IF 2.3 4区 医学 Q2 HEALTH POLICY & SERVICES Pub Date : 2025-01-17 DOI: 10.1093/heapro/daae204
Zhongjie Zhang, Nicola Reavley, Gregory Armstrong, Amy Morgan

Public disclosures of mental health problems on social media represent a potentially powerful informal avenue for increasing mental health literacy and reducing public stigma in relation to people with mental health problems. We investigated whether the audience reported any reduction in their own stigma toward people with mental health problems after exposure to disclosures. We also examined whether self-reported stigma reduction was associated with the characteristics of audience members, the disclosers and the disclosure messages. We used Prolific to obtain a convenience sample (N = 803) of adults who had been exposed to a disclosure. We administered an online survey to participants and conducted a series of logistic regressions to identify any associations between disclosure-related characteristics and audience self-reported stigma reduction. Our findings showed that certain aspects of the messaging process appeared to be associated with stigma reduction. These included explicit diagnoses from disclosers, particular message themes such as psychosocial causes of mental ill health, and positive and echoing comments from other users. In addition, audience members who reported greater levels of empathy toward, perceived similarity to and identification with disclosers tended to report reduced stigma. These findings contribute to the evidence base underpinning how, when and which public disclosures of mental health problems on social media have the potential for stigma reduction. They can further help inform future health promotion practices on social media aiming to mitigate mental health-related stigma at the population level. Future research may focus more on the dynamics and match between disclosers and audiences and their effects on stigma.
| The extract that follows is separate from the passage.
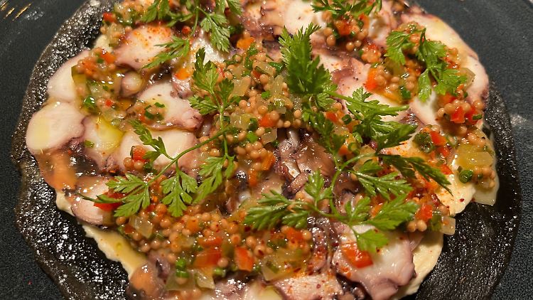 Wenn ein Halbgrieche kocht und ein Lokal Phaedra heißt, dann gibt das die Richtung vor. Die Gerichte haben aber absolut nichts zu tun mit dem oft lieblos gemachten Standardkram, den man beim Durchschnittsgriechen bekommt. Hier eher griechische Wurzeln und der Rest moderat moderne, pfiffige, mediterran inspirierte Küche. Kostproben? Jawohl! Vorspeise 1: Schwarzes, mit Tintenfischtinte gefärbtes hausgemachtes Pitabrot. Darauf ein perfekt abgeschmecktes Taramas, darauf wiederum hauchdünne Scheiben von saftigem, zartem Oktopus, ein wenig rote Paprika und Kerbel. Der Kick kommt durch marinierte Senfsaat. Tolle Idee!

在社交媒体上公开披露心理健康问题,是提高心理健康素养和减少公众对心理健康问题患者的耻辱感的潜在强大非正式途径。我们调查了观众是否报告说,在暴露于披露后,他们对有精神健康问题的人的耻辱有所减少。我们还研究了自我报告的耻辱减少是否与受众成员、披露者和披露信息的特征有关。我们使用高产法获得了接触过披露信息的成年人的方便样本(N = 803)。我们对参与者进行了一项在线调查,并进行了一系列逻辑回归,以确定与披露相关的特征与受众自我报告的耻辱减少之间的任何关联。我们的研究结果表明,信息传递过程的某些方面似乎与污名减少有关。其中包括来自披露者的明确诊断,特定的信息主题,如精神疾病的社会心理原因,以及来自其他用户的积极和呼应的评论。此外,报告对披露者有更高程度的同理心、感知到的相似性和认同的听众往往会减少耻辱感。这些发现为在社交媒体上公开披露心理健康问题的方式、时间和方式有可能减少耻辱感提供了证据基础。它们可以进一步帮助为未来在社交媒体上的健康促进实践提供信息,旨在减轻人口层面上与精神健康有关的耻辱感。未来的研究可能会更多地关注披露者和受众之间的动态和匹配及其对污名的影响。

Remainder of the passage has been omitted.